Creeping jenny I am not sure if this one will make it. Bottoms of stems melting away and most go too quickly. By the time I get my hands back in the tank to replant loose stems, there's nothing substantial enough to grasp. I only have a few stems of it left.








Downoi also might be a goner- the stem broke off 








Pegged it down with a lead strip, but I had to set it pretty deep in the substrate.








I _am_ pleased with the ludwigias- a lot of the bigger pieces I bought as potted plant even still have their red top color. I wasn't expecting them to hold on to that.








The tiny repens one -here just under the oto- is growing new leaves and they are rounder than the original ones.
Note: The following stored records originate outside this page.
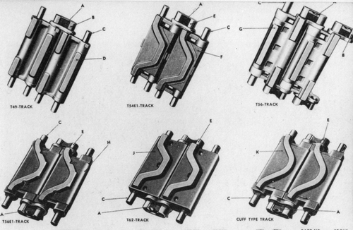 安装垂直涡卷弹簧悬挂装置的谢尔曼坦克所使用的各型挂胶履带板。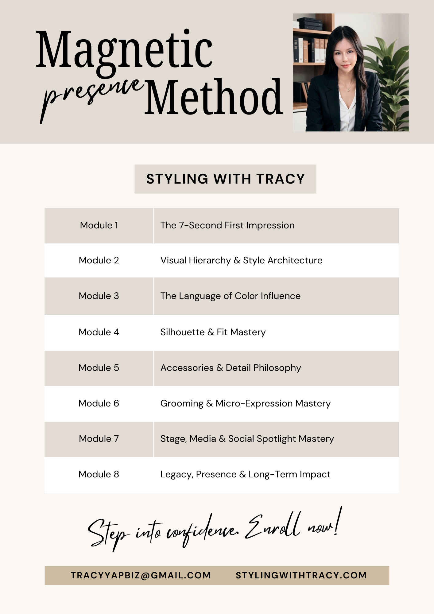 An 8-module online program that gives you a repeatable system to master first impressions, style, color, fit, grooming, and stage presence.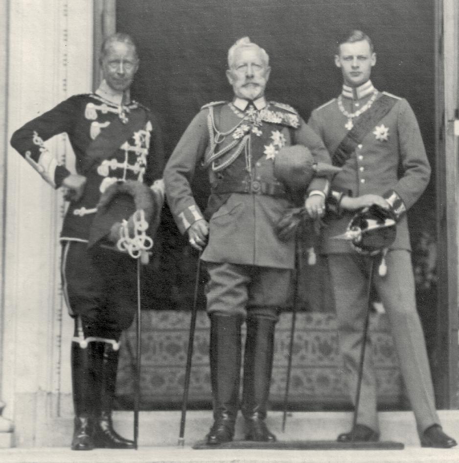 Drei Hohenzollern-Generationen: Ex-Kaiser Wilhelm II. (Mitte) mit seinem Sohn, dem ehemaligen Kronprinzen Wilhelm (links), und seinem Enkel Wilhelm. Die Aufnahme entstand, nachdem der Kaiserenkel Wilhelm am 4. Juli 1927, dem Tag seines 21. Geburtstages, das Hausgesetz seiner Familie in Huis Doorn unterzeichnet hatte.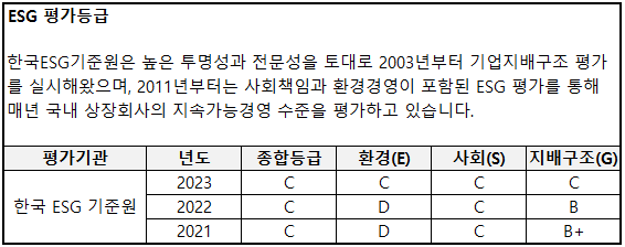 주식회사 리가켐 바이오사이언스 ESG 평가등급 현황입니다.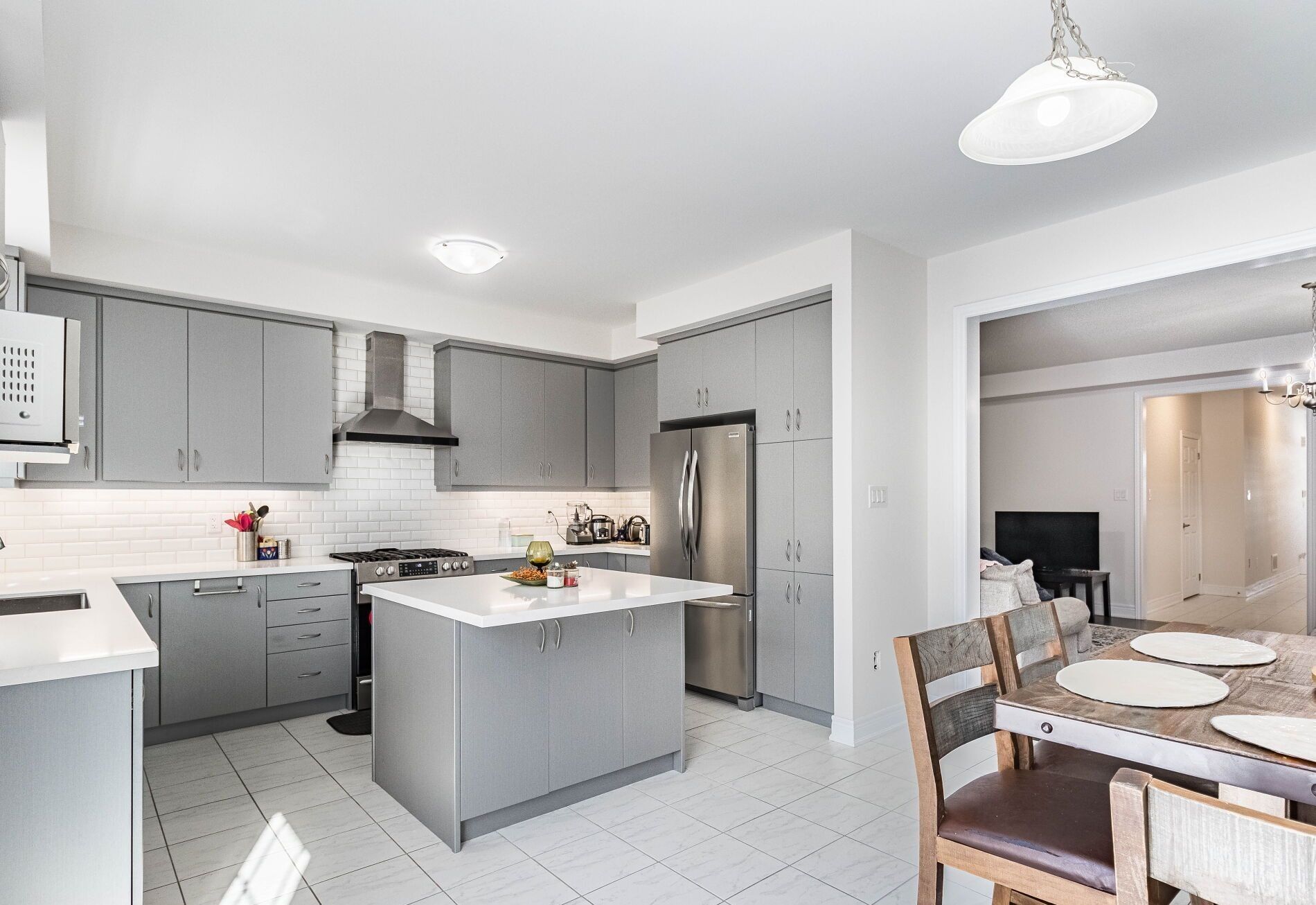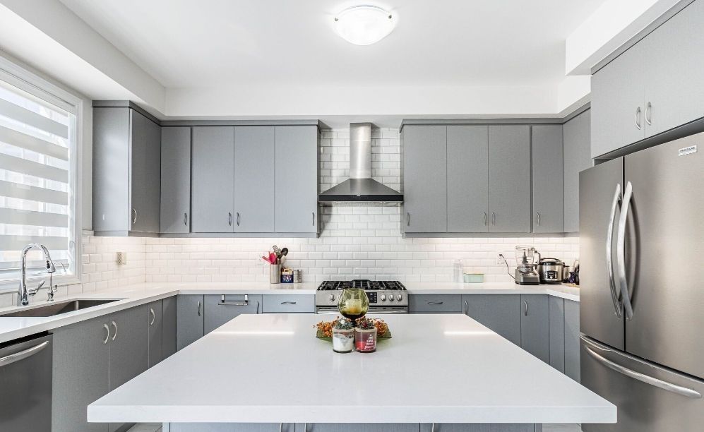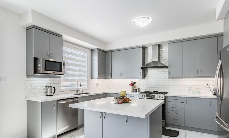 • Modern kitchen featuring quartz countertops and stylish backsplash.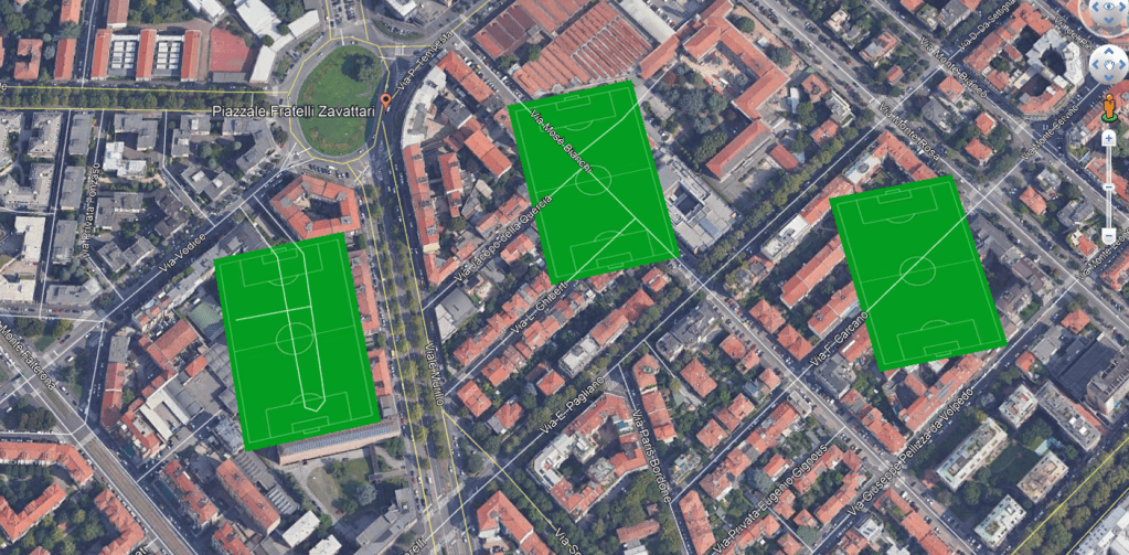 Tornando al nostro campo di piazza Zavattari, la sua presenza e la sua esatta ubicazione senza alcuna approssimazione planimetrica sono perfettamente riportate nella precisa mappa del 1937 dell’IGM (#13): il campo è adagiato dietro l’angolo sud ovest della piazza, verso piazza Monte Falterona, di fronte all’azienda, con tanto di tribune a ovest, come confermato da #4.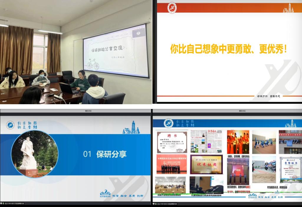 为进一步加强学风建设,充分发挥优秀学生的示范引领作用,经济管理学院于11月13日通过线上线下相结合的方式举办推免和国家奖学金获得学生经验交流分享会。会议由2019级辅导员王中立主持,2020级辅导员张硕及2020级、2021级、2022级学生代表500余人参加了此次交流分享会。

When I made the driftwood log in the thirty-eight all buces, plucked off the remaining java ferns (which don't seem to do well in that tank for some reason) and tied them onto the skull here. Some in the front over the teeth, some in the back.








After just a week the thread started disintegrating, so I had to refasten with rubber bands instead.








Quite a few of the little buces came loose again, too. 








Went back to using rubber bands for those as well.








I don't want to keep shifting plants around, need to keep my hands out and just leave things alone now. But the ludwigias keep sending their aerial roots into the sponge filter, and I can't see bacopa caroliniana or watersprite for the jumbled mess they are with each other. So I moved one stem of ludwigia, moved most of the bacopa over against and behind it, and put the sponge filter further into the corner, between the wisteria and bacopa. Looks distinctive now and hopefully that keeps the roots out of the sponge.








Current full tank shot-








There are lots of tiny roundish snails in here now. Some look like pond snails, others I viewed under the microscope and they're definitely ramshorns. I took out the mother ramshorn. Because for some reason suddenly when I started seeing tiny baby snails everywhere I didn't want them. Trumpet snails are okay, but I don't want loads of pond snails or ramshorns too, and I didn't realize that until I _saw_ them in there. I've scraped out two more ramshorn egg cases, gradually plucking out all the baby snails I find, and will bait with lettuce too.


----------



## WaterLife (Jul 1, 2015)

Thanks for documenting all of this! And all the useful pics (hard to believe all this pics are coming from a 10 gallon! if only I had a half decent camera ).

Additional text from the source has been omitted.